Wednesday, December 18, 2024

Reading on diverse topics

 Stoicism

Gist

Stoicism was a school founded in Athens by Zeno of Citium around 301 BC. 

Three Stoic principal leaders: Marcus Aurelius, Epictetus, Seneca

“Stoicism teaches how to keep a calm and rational mind no matter what happens to you and it helps you understand and focus on what you can control and not worry about and accept what you can't control.”

A. 10 principles

1.Live in Agreement with Nature – The Stoic Goal of Life

The ultimate goal of life was agreed by all ancient schools of philosophy to be ‘Eudaimonia’. Eudaimonia – is a bit tricky to translate. Think of it as the supreme happiness or fulfilment attainable by human beings.

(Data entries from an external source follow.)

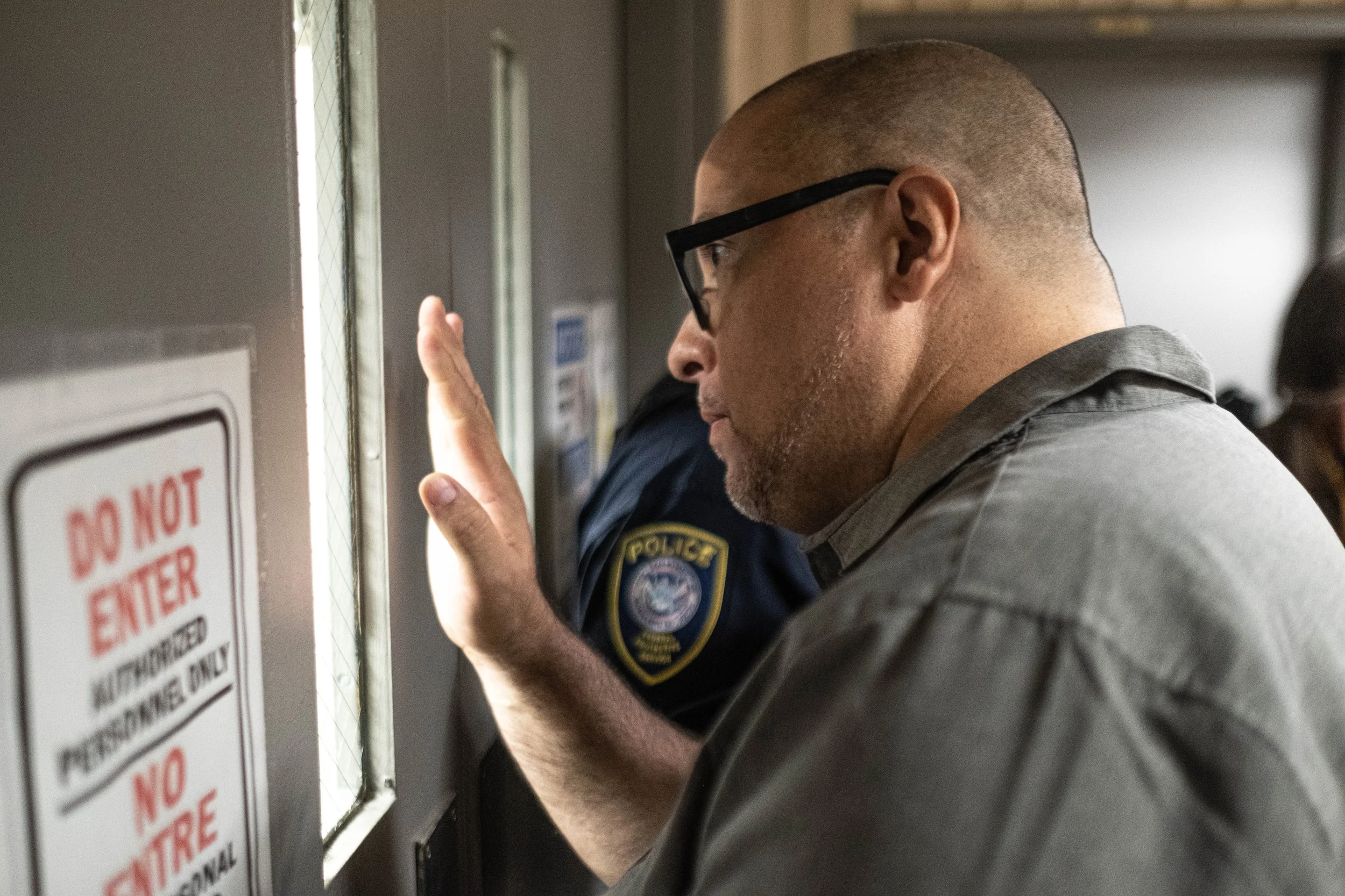 State Senator Gustavo Rivera peers through a narrow window in the reinforced door of the 10th-floor facility. A "DO NOT ENTER" sign and the presence of a security officer underscore the physical and bureaucratic barriers preventing the officials from accessing the detention area.
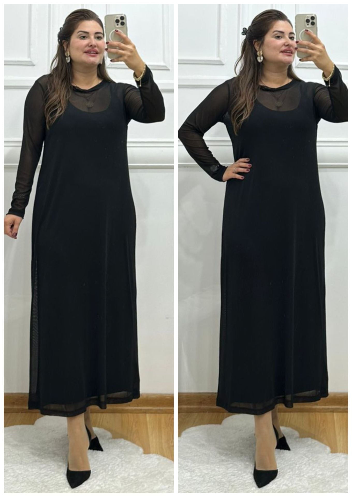 ZS042-Siyah hayaltül askılı atlas kumaş maksiboy elbise
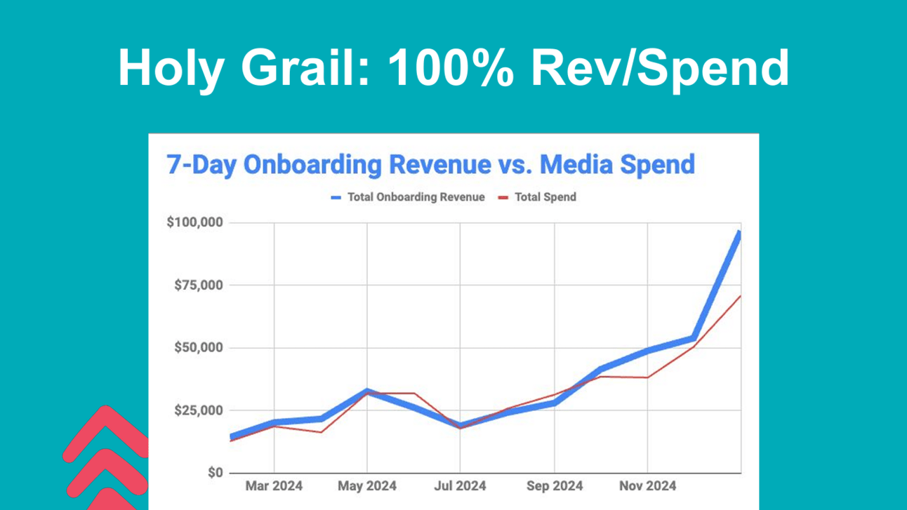 They're spending roughly $70,000 a month on ads and making something close to $100,000 a month in onboarding revenue (eyeballing the chart).
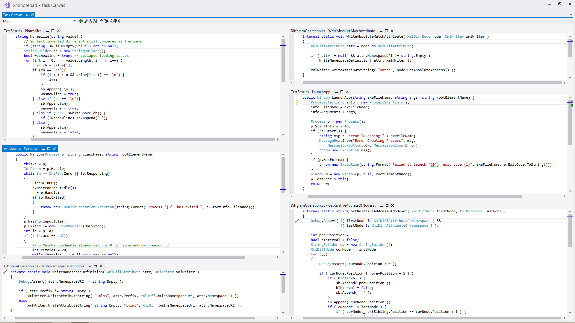 In 2016 I personally became tired of switching back and forth between tabs and jumping from place to place within a file. I wanted to see all code fragments I’m currently working on at once. In May 2016 I released Task Canvas for Visual Studio 2015/2017.
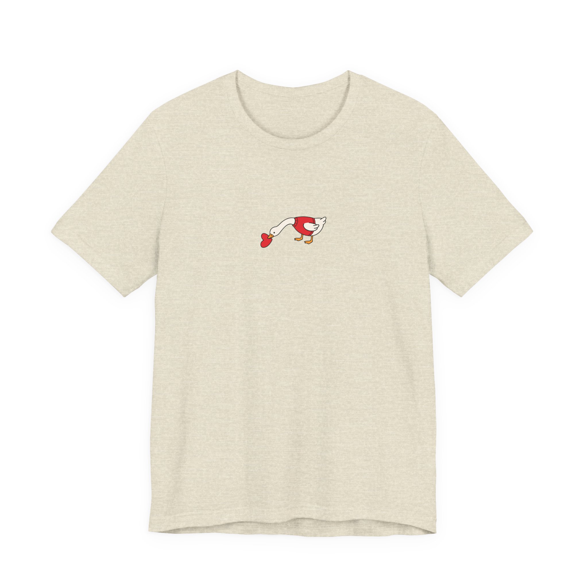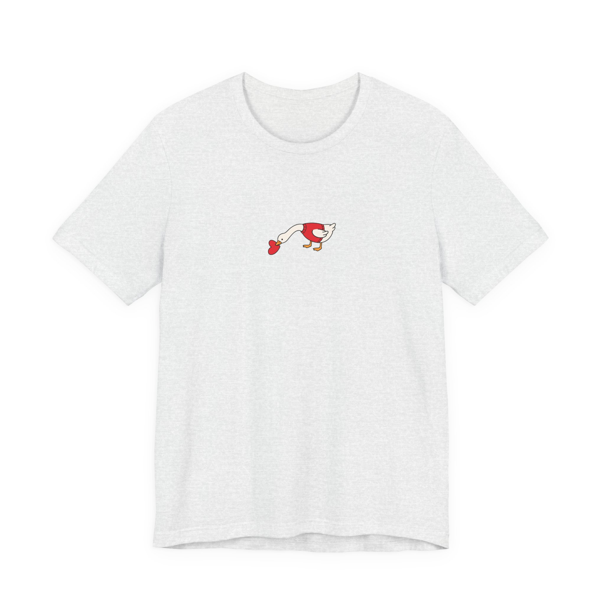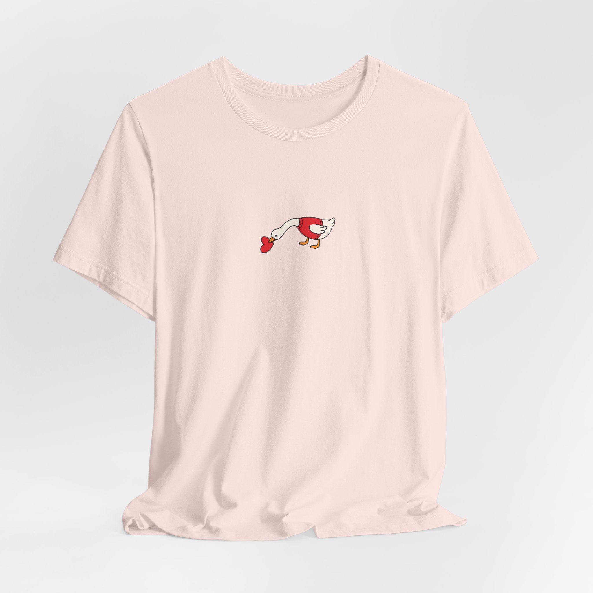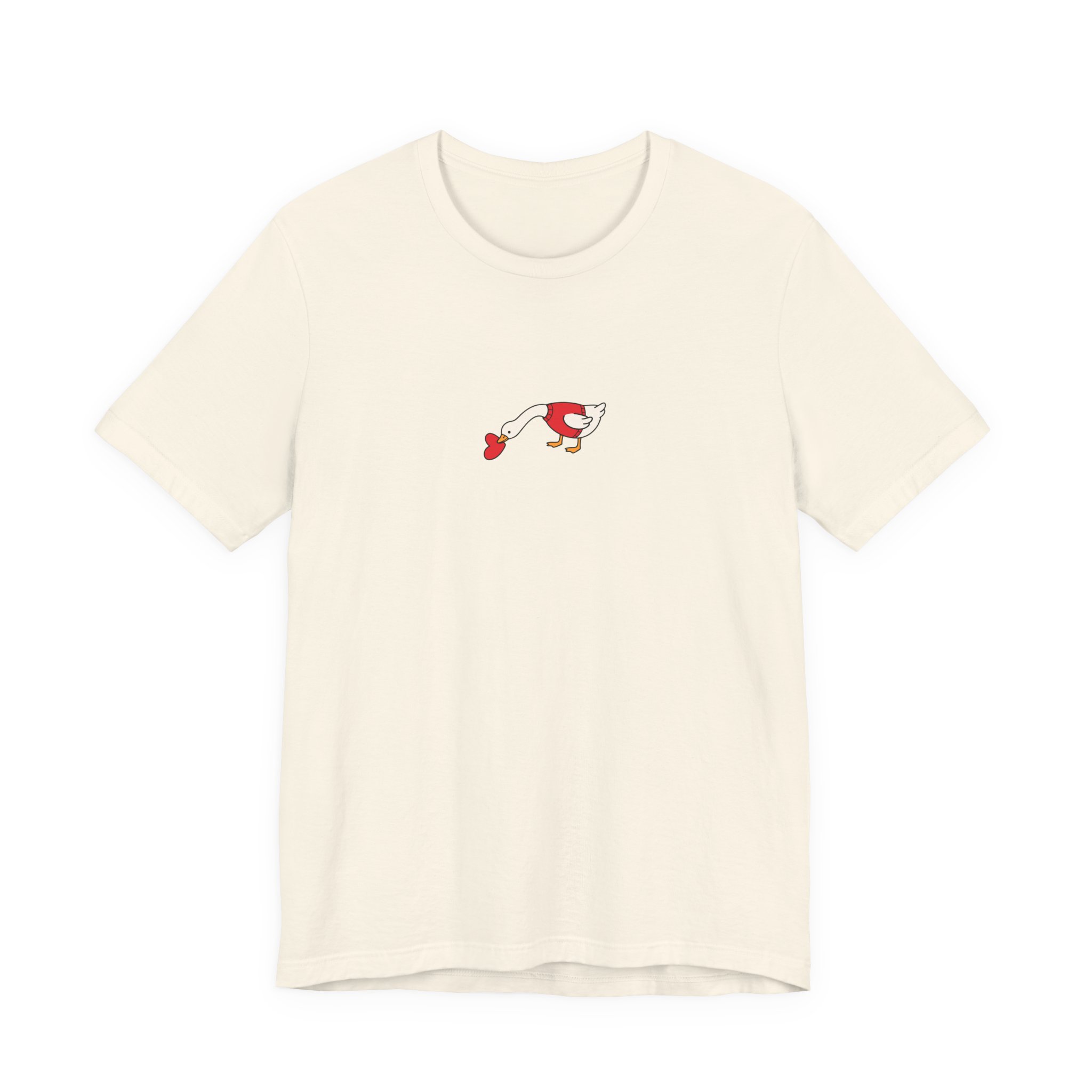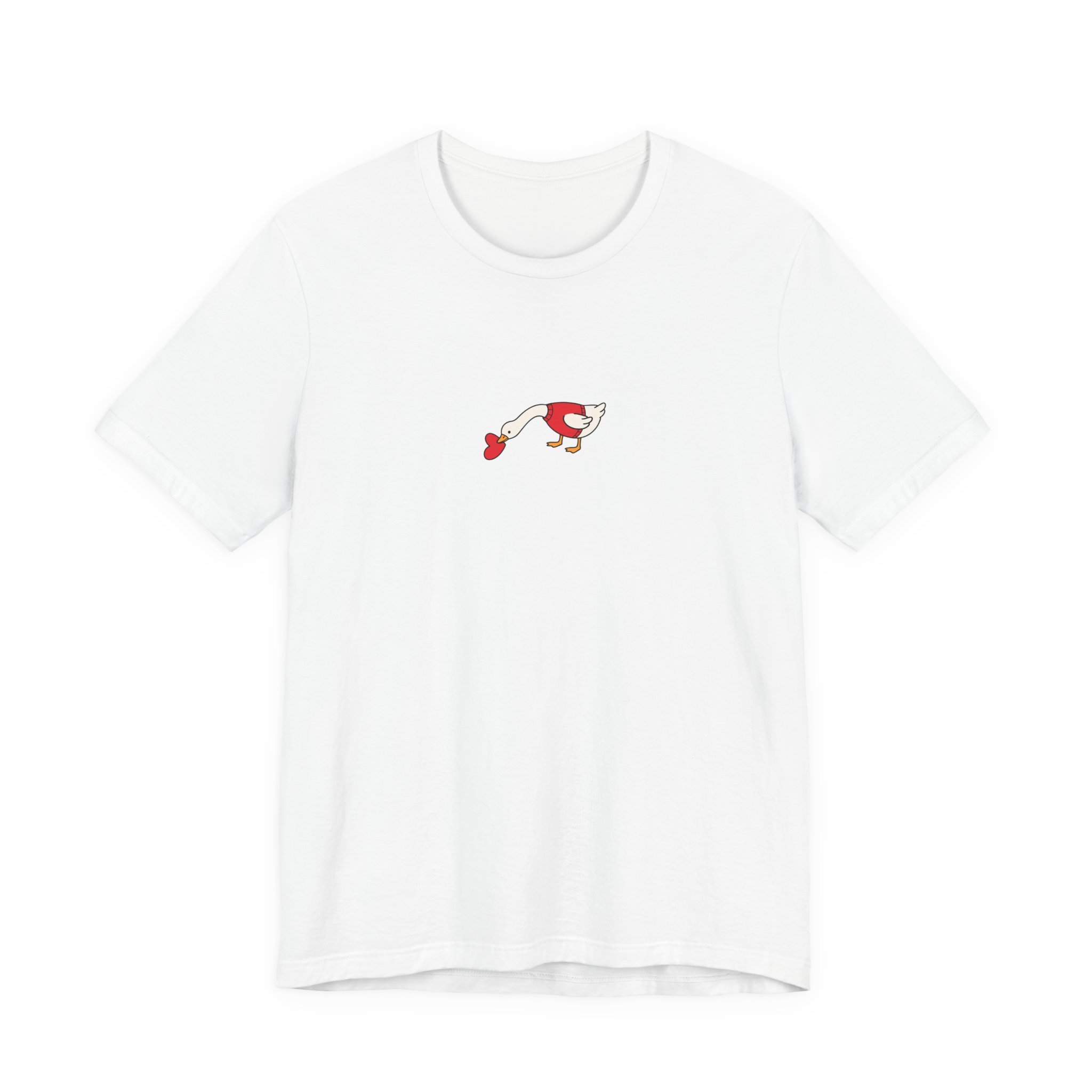 Watch out, this goose is on a mission to steal your heart! Our “Heart Stealer Goose” Tee features a charmingly simple illustration of a white goose in a cozy red sweater, playfully holding a small red heart. Perfect for those who love a bit of humor with their romance, this minimalist design proves that love doesn’t always have to be serious—sometimes it’s just a little bit “honk-tastic”..

‘Living in agreement with nature’ is about behaving rationally like a human instead of randomly (and out of passion) like a beast.

2 Live by Virtue – It Is the Highest of All Goods

What the Stoics meant with ‘virtue’ was excelling or flourishing in terms of our rational human nature. .. ‘Virtue’ really refers to excelling at one’s own character and applying reason in a manner that’s healthy and praiseworthy. .. The Stoics classified these different forms of virtue under four broad headings, the four cardinal virtues:

Wisdom or Prudence (vidya, jnanam)

Justice or Fairness (samatvam)

Courage or Fortitude (dhairyam)

Self-Discipline or Temperance (yama and niyama)

Virtue must be its own reward. You do something because it is the right thing to do. Doing the right thing is enough, it’s your nature and it’s your job. (Cf. Buddha’s teaching).

3 Focus on What You Can Control, Accept What You Can’t

(This message comes like a refrain in Swami Paramrthananda’s discourse on Gita.)

Some things are up to us and some things are not up to us. ‘Up to us’ are our voluntary choices, namely our actions and judgements. Thoughts, judgements, actions are up to us; everything else like body, health and death, job, wealth and reputation, outside events and other people’s actions, are not up to us.

“It makes us completely and utterly responsible for the single most important thing in life, depriving us of any excuses for not flourishing and attaining the best possible life, because this is always within our grasp.” Donald Robertson

“We can control our behavior but not their outcomes – let alone the outcomes of other people’s behaviours.” Massimo Pigliucci (Cf. karmanyevadhikaraste).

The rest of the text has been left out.